三成は、真っ直ぐ過ぎる。あいつが清ければ清いほど己のそうではない部分に気付かされ、糾弾されているような。あの男と向き合うとそう思ってしまうのだ。尊大な態度や不躾な物言いも勿論なのだが、そんな自分の小ささを見せ付けられることにも腹が立って、三成と衝突してしまうことがしばしばあった。
あいつとまともに顔を合わせないまま三日が過ぎた。謝ってやるつもりはないものの、打った頭は大丈夫なのか(あいつは顔と頭以外いいところねーよ!と正則が言っていたのを思い出して)、少し気になってはいた。
「秀吉様、三成を知りませんか?」
「おー三成か。あいつにゃあ、上杉との盟約をまとめてもらうために昨日から左近と一緒に越後に行ってもらっちょる!」
「越後…。」
「景勝殿も三成を信頼しちょるようだし、家臣の兼続とは莫逆の友じゃからな〜。
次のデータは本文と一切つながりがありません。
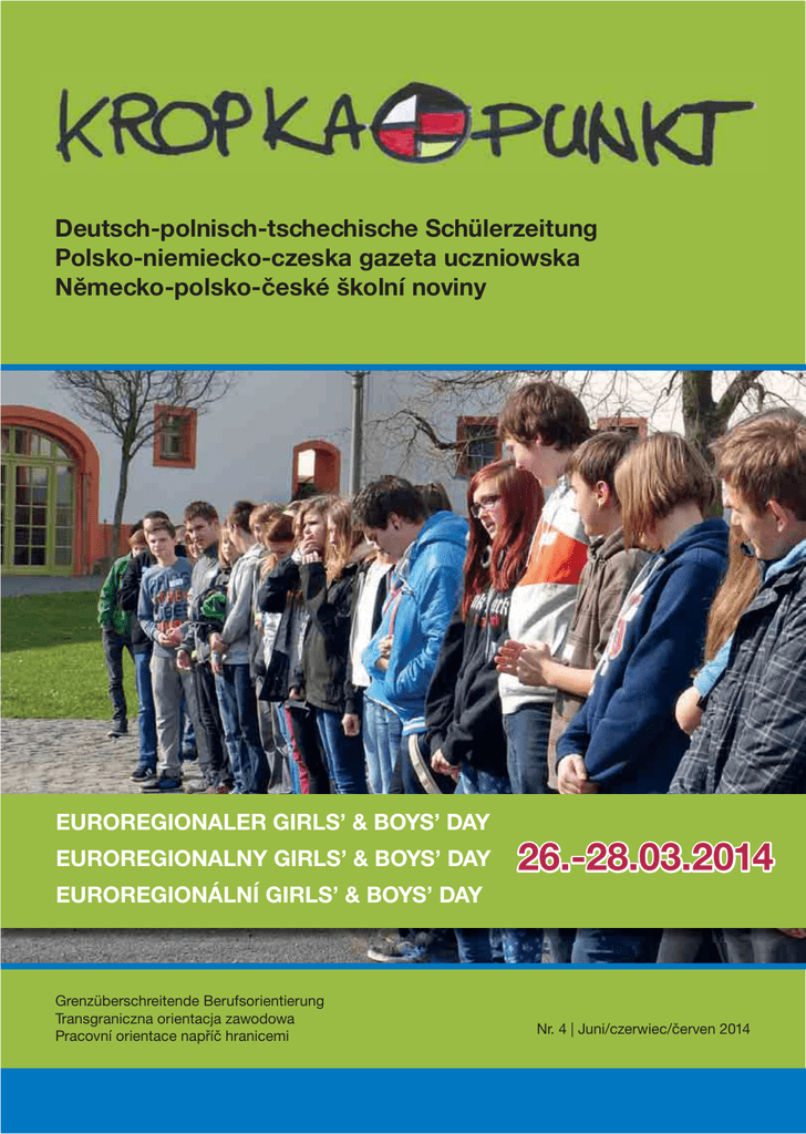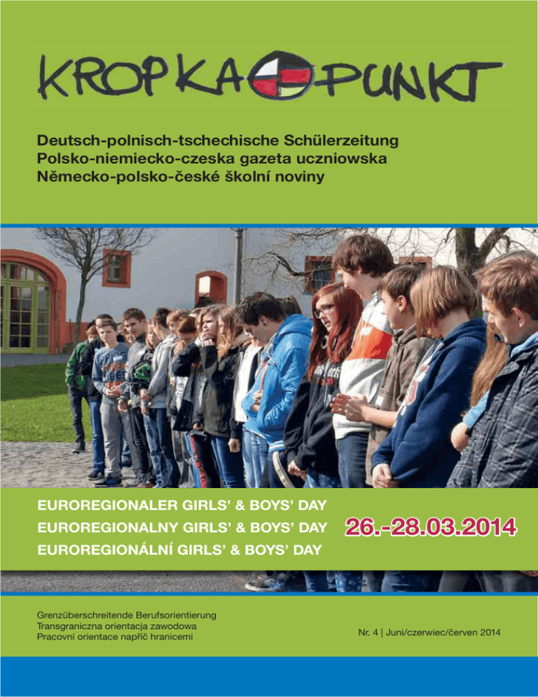 Deutsch-polnisch-tschechische Schülerzeitung Polsko-niemiecko-czeska gazeta uczniowska Německo-polsko-české školní noviny EUROREGIONALER GIRLS’ & BOYS’ DAY EUROREGIONALNY GIRLS’ & BOYS’ DAY 26.-28.03.2014 EUROREGIONÁLNÍ GIRLS’ & BOYS’ DAY Grenzüberschreitende Berufsorientierung Transgraniczna orientacja zawodowa Pracovní orientace napříč hranicemi Nr. 4 | Juni/czerwiec/červen 2014 Liebe Leserinnen und Leser, heute haltet Ihr schon die 4. Ausgabe von Kropka.Punkt in den Händen und die hat es in sich, und zwar gleich dreifach. Denn diese Ausgabe ist dreisprachig – deutsch, polnisch, tschechisch. Grund dafür ist, dass diese Ausgabe sozusagen ein Live-Bericht vom 5. Euroregionalen Girls’ & Boys’ Day ist, der vom 26. bis 28. März diesen Jahres stattfand. Dieser Schülerworkshop zur Berufsorientierung hat Jugendliche aus allen drei Ländern unserer Euroregion für drei Tage im Internationalen Begegnungszentrum St. Marienthal zusammengebracht. Gemeinsam haben sie sich Gedanken um ihre Berufswahl und auch untypische Berufe gemacht. Anschließend schauten sie sich in der Praxis um und besuchten Betriebe und Einrichtungen in Deutschland, Polen und Tschechien – die Jungs im Sozialbereich und die Mädchen im Energiesektor. In dieser Ausgabe von Kropka.Punkt haben wir die Berichte der Jugendlichen, die dabei waren, und allgemeine Infos zum Euroregionalen Girls’ & Boys’ Day für euch zusammengestellt. Viel Spaß beim Lesen! Drodzy Czytelnicy, Dzisiaj trzymacie w rękach IV wydanie gazetki „Kropka.Punkt“. To wydanie przygotowane zostało w trzech językach - niemieckim, polskim i czeskim. Jest sprawozdaniem z V Euroregionalnego Girls’ & Boys’ Day , który odbył się w tym roku w dniach 26 - 28 marca. W tym trzydniowym warsztacie dla uczniów, dotyczącym orientacji zawodowej, w Międzynarodowym Centrum Spotkań St. Marienthal udział wzięli uczestnicy z trzech krajów naszego Euroregionu. Wspólnie zastanawiali się nad wyborem zawodu oraz nad nietypowymi zawodami. Mieli też możliwość poznania zawodów w praktyce i zwiedzali przedsiębiorstwa i placówki w Niemczech, Polsce i Czechach - chłopcy w obszarze społecznym, a dziewczęta w sektorze energetycznym. W tym wydaniu gazetki „Kropka.Punkt“ zostały zamieszczone artykuły młodzieży uczestniczącej w tym wydarzeniu oraz informacje ogólne dotyczące Euroregionalnego Girls’ & Boys’ Day. Życzymy przyjemnej lektury! Milí čtenáři a čtenářky, V rukou držíte už 4. číslo časopisu Kropka.Punkt, který stojí za to hned třikrát. Toto vydání je totiž trojjazyčné: německé, polské a české. Důvodem je, že jej tvoří reportáž z 5. Euroregionálního Girls’ & Boys’ Day, který se uskutečnil mezi 26. a 28. březnem tohoto roku. Tento žákovský workshop zaměřený na pracovní orientaci přivedl na tři dny mladé lidi ze všech třech zemí našeho euroregionu do Mezinárodního centra setkání St. Marienthal. Společně přemýšleli nad výběrem povolání a to i v neobvyklých oblastech. Následně se porozhlédli v praxi a navštívili podniky a zařízení v Německu, Polsku a Česku – chlapci v sociálním a dívky v energetickém sektoru. V tomto vydání časopisu Kropka.Punkt jsme pro Vás připravili zprávy mladých účastníků a všeobecné informace ohledně euroregionálního Girls’ & Boys’ Day. Přejeme Vám příjemnou zábavu při čtení! 2 Day 1 Die Workshops „Berufe der Zukunft“ und „Männerwelten und Frauensachen“ Nachdem alle Teilnehmer in Ostritz eingetroffen waren, wurden alle herzlich begrüßt. Im 1. Workshop unter dem Motto „Berufe der Zukunft“ erhielten wir Einblicke und Informationen zu typischen Berufen für Frauen und Männer. In kleinen Gruppen arbeiteten wir Aufgaben und Ausbildungswege zu den einzelnen Berufsfeldern aus. Unsere zusammengetragenen Ergebnisse stellten wir dann auf Plakaten dar. Nach dem Mittagessen begann unser 2. Workshop. Dieser hieß „Männerwelten und Frauensachen“. Eine Studentin aus Dresden führte zuerst einen kleinen Test mit uns durch. Dazu stellten wir uns draußen in zwei Gruppen auf. Sie stellte uns verschiedene Fragen, die typisch für Frauen und Männer sind, und wir stellten uns mit unseren Antworten an die jeweiligen Stellen. Schnell merkten wir, dass unsere Antworten typisch für das jeweilige Geschlecht waren. Anschließend gab sie uns einige Berufe vor, die wir in Gruppen bearbeiteten, z. B. Einsatz und Aufgaben. Unsere Ergebnisse präsentierten wir auf großen Plakaten. Gemeinsam stellten wir fest, dass jeder jeden Beruf ausüben könnte, also dass es keine typischen Berufe nur für Frauen oder Männer geben sollte. Bei beiden Workshops waren wir in Gruppen mit den polnischen und tschechischen Schülern eingeteilt. Trotz kleiner Sprachschwierigkeiten machte es allen viel Spaß. Lena, Celine und Vivien von der Oberschule „Klaus Riedel“ Bernstadt „Szybkie zapamiętywanie“ W czasie corocznego spotkania młodzieży w czasie „Boys & Girls Day” w IBZ St. Marienthal uczestnicy brali udział w wielu działaniach rozwijających zdolności i umiejętności. Dnia 26 marca, wieczorem, odbyło się ćwiczenie pamięci, w którym brali udział uczniowie i nauczyciele ze szkół z Görlitz, Bernstadt, Hradka i Zawidowa oraz tłumacze uczestniczący w projekcie. Uczniowie i nauczycie z Polski oraz Czech pracowali ze słuchawkami, przez które tłumacze przekazywali w językach narodowych wiadomości pani prowadzącej warsztaty. Na początku przedstawiona została technika masażu uszu, dzięki której można łatwiej się uczyć, gdyż pobudza ona komórki móz- gu, odpowiadające za zapamiętywanie. Następnie przy pomocy tablicy multimedialnej rozwiązywano różnego rodzaju ćwiczenia. Jednym z nich było zapamiętanie rozmieszczenia różnych obrazków, które ponownie pojawiły się po przeprowadzeniu kolejnych ćwiczeń. Zadaniem uczestników było podanie jakie obraz

向こうさんが許すなら、ゆっくりして来いって言ってあるんさ。」
にこにこと話す秀吉様。そう言えば、以前に上杉の筆頭家老や真田の次男坊が大阪城を訪ねて来たとき、三成は非常に嬉しそうにしていた。
(……俺には絶対見せないような顔で笑ってた。)
俺は左近のように頼られたりしないし、奴の数少ない友人達のように笑い合えたりなどできない。その事実を考えれば考えるほどに、胸の奥が疼いて酷く痛むような気がする。この痛みのやり場は、今の俺には分からない。
俺は一体、三成の何になりたいのだろうか。
じくじく、じくじくと。
ああ、今も。この脈打つ胸の痛みが、俺の心ごと感情ごと、腐り落ちてしまえばいいのに。